All records below must be reproduced exactly, although any pictures they contain are to be omitted.

__Records supplied__.
☆ ☆ ☆
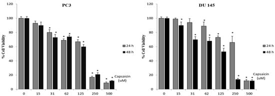 Natural products are widely used in the treatment of cancer due to the side effects of chemotherapeutics, and a large number of natural compounds have been reported to have anticancer activities in different types of cancer. The aim of the study was to analyze the antiproliferative and apoptotic effects of capsaicin and alpha-lipoic acid on prostate cancer cells in silico and in vitro. The effects of capsaicin and alpha-lipoic acid on the proliferation of prostate cancer cells were assessed using MTT cell viability assays. Apoptotic protein levels were measured using Western blot analysis. Ligand–protein potential interactions of alpha-lipoic acid and capsaicin with survivin and bax proteins were examined using CB-Dock2 and SwissDock software. Capsaicin and alpha-lipoic acid significantly inhibited the proliferation of both prostate cancer cell lines in a dose- and time-dependent manner. Our data revealed that various concentrations of capsaicin, alpha-lipoic acid and their combinations caused remarkable downregulation of survivin expression on prostate cancer cells. According to the Vina scores, alpha-lipoic acid and capsaicin have the potential to interact strongly with survivin and bax proteins. We suggest that both natural compounds have the potential for treating prostate cancer according to the in vitro and in silico results.
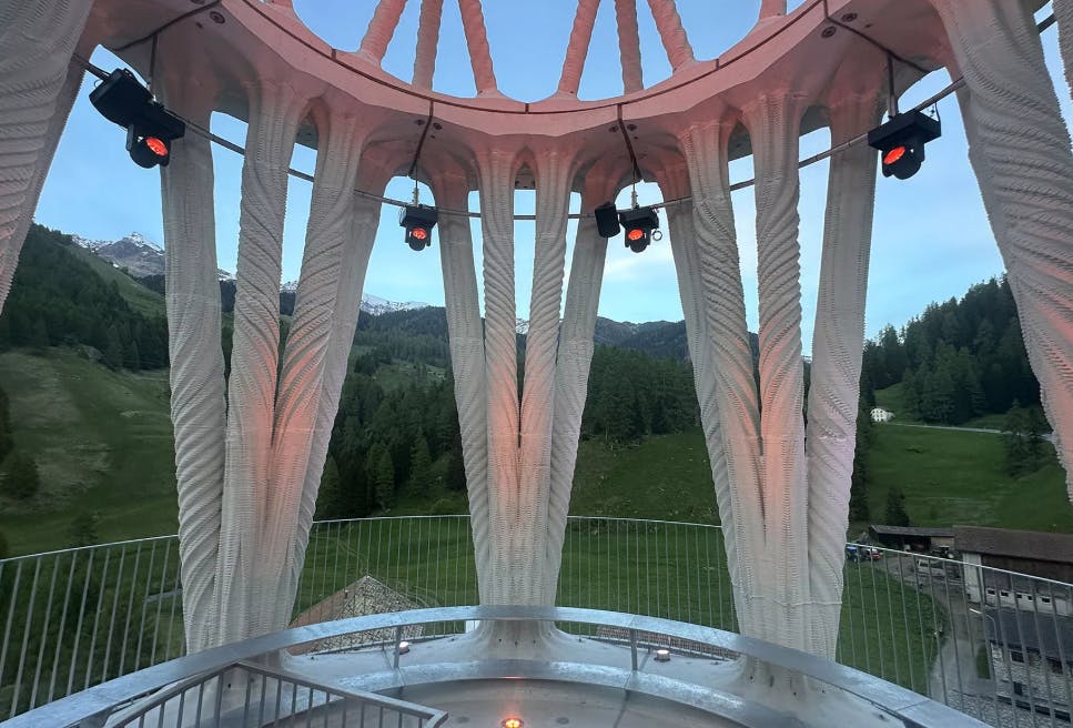 2025年5月20日,瑞士阿爾卑斯山腳下的小村莊穆萊恩斯,一座造型特別的白色高塔正式對外公開。這座叫做「Tor Alva(白塔)」的建築高達30公尺,是目前全世界最高的3D列印塔。塔身像極了一層層的奶油蛋糕,吸引不少人前來一探究竟。開幕當天,直升機將塔上的蓋子掀起,300位來賓見證這一幕。大家可以親自走進塔裡,沿著螺旋樓梯一路爬到最上層,欣賞壯麗的阿爾卑斯山景。
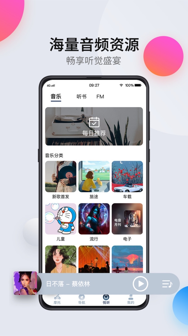 2、悦听畅享听觉盛宴,可同步酷狗音乐、听书、无线广播FM应有尽有,多资源融合,选择性更多。
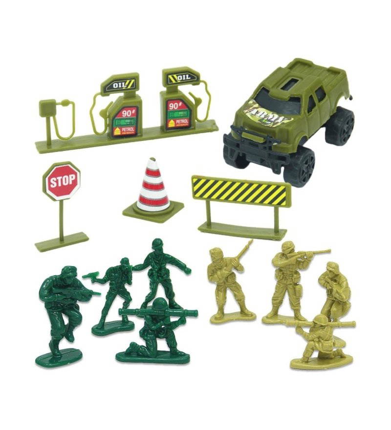 Çocukların hayal gücünü geliştirerek eğlenceli oyunlar kurmasını sağlayan PVC Asker Seti, minik asker figürleri ve araçlarıyla keyifli vakit sunar.
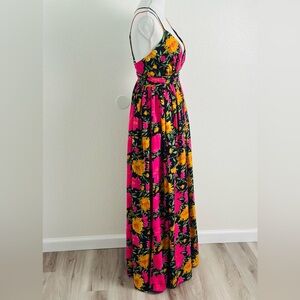 Lulu's Navy Neon Floral Print Sleeveless Strappy Maxi Dress Size Small
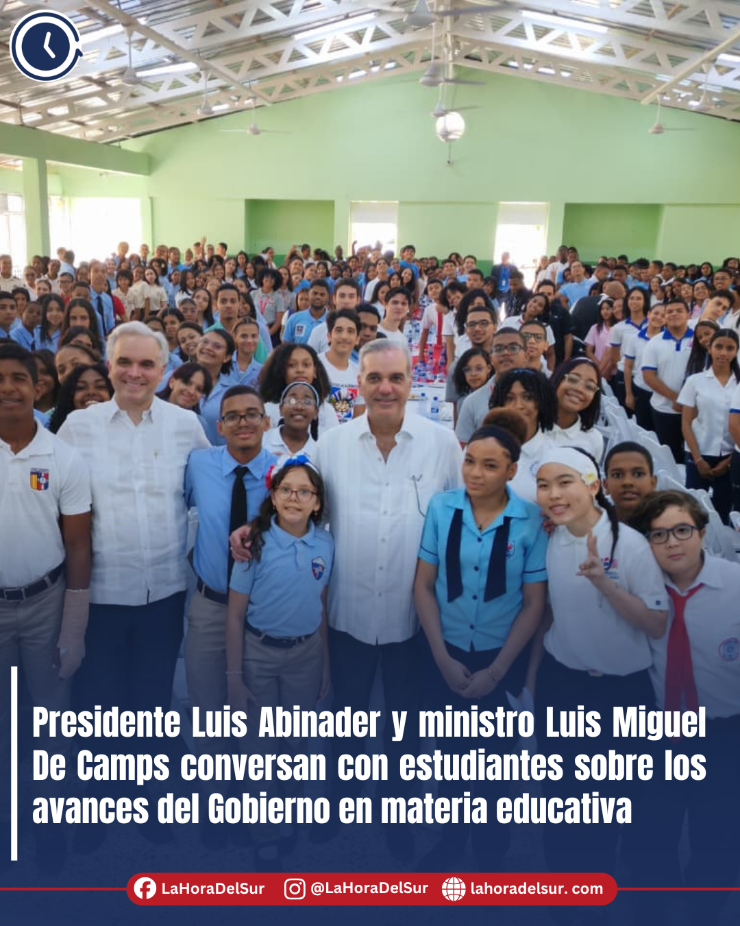 El presidente Luis Abinader y el ministro de Educación, Luis Miguel De Camps, conversaron con estudiantes de centros educativos públicos y privados, con el propósito de escuchar sus planteamientos sobre distintos temas y peticiones relacionadas con las necesidades de sus centros educativos.
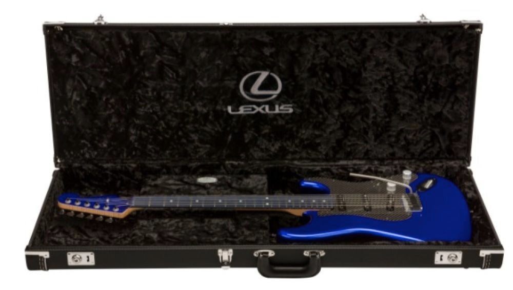 Por otra parte, el golpeador está sujeto mediante tornillos mecanizados con cabeza plana negra que recuerdan a un automóvil, mientras que las pastillas son las más recientes de bobinado simple silencioso de Fender, otra novedad de Fender Custom ShopTM. Para rematarlo, la cabeza presenta un acabado en azul estructural con el logotipo cromado de Fender, mientras que la funda personalizada que acompaña a la guitarra está revestida de vinilo texturizado con fibra de carbono, con letras negras y el logotipo de Lexus bordado en la parte interior de la tapa.
☆ ☆ ☆
__Exercise solution__.
 Natural products are widely used in the treatment of cancer due to the side effects of chemotherapeutics, and a large number of natural compounds have been reported to have anticancer activities in different types of cancer. The aim of the study was to analyze the antiproliferative and apoptotic effects of capsaicin and alpha-lipoic acid on prostate cancer cells in silico and in vitro. The effects of capsaicin and alpha-lipoic acid on the proliferation of prostate cancer cells were assessed using MTT cell viability assays. Apoptotic protein levels were measured using Western blot analysis. Ligand–protein potential interactions of alpha-lipoic acid and capsaicin with survivin and bax proteins were examined using CB-Dock2 and SwissDock software. Capsaicin and alpha-lipoic acid significantly inhibited the proliferation of both prostate cancer cell lines in a dose- and time-dependent manner. Our data revealed that various concentrations of capsaicin, alpha-lipoic acid and their combinations caused remarkable downregulation of survivin expression on prostate cancer cells. According to the Vina scores, alpha-lipoic acid and capsaicin have the potential to interact strongly with survivin and bax proteins. We suggest that both natural compounds have the potential for treating prostate cancer according to the in vitro and in silico results.
 2025年5月20日,瑞士阿爾卑斯山腳下的小村莊穆萊恩斯,一座造型特別的白色高塔正式對外公開。這座叫做「Tor Alva(白塔)」的建築高達30公尺,是目前全世界最高的3D列印塔。塔身像極了一層層的奶油蛋糕,吸引不少人前來一探究竟。開幕當天,直升機將塔上的蓋子掀起,300位來賓見證這一幕。大家可以親自走進塔裡,沿著螺旋樓梯一路爬到最上層,欣賞壯麗的阿爾卑斯山景。
 2、悦听畅享听觉盛宴,可同步酷狗音乐、听书、无线广播FM应有尽有,多资源融合,选择性更多。
 Çocukların hayal gücünü geliştirerek eğlenceli oyunlar kurmasını sağlayan PVC Asker Seti, minik asker figürleri ve araçlarıyla keyifli vakit sunar.
 Lulu's Navy Neon Floral Print Sleeveless Strappy Maxi Dress Size Small
 El presidente Luis Abinader y el ministro de Educación, Luis Miguel De Camps, conversaron con estudiantes de centros educativos públicos y privados, con el propósito de escuchar sus planteamientos sobre distintos temas y peticiones relacionadas con las necesidades de sus centros educativos.
 Por otra parte, el golpeador está sujeto mediante tornillos mecanizados con cabeza plana negra que recuerdan a un automóvil, mientras que las pastillas son las más recientes de bobinado simple silencioso de Fender, otra novedad de Fender Custom ShopTM. Para rematarlo, la cabeza presenta un acabado en azul estructural con el logotipo cromado de Fender, mientras que la funda personalizada que acompaña a la guitarra está revestida de vinilo texturizado con fibra de carbono, con letras negras y el logotipo de Lexus bordado en la parte interior de la tapa.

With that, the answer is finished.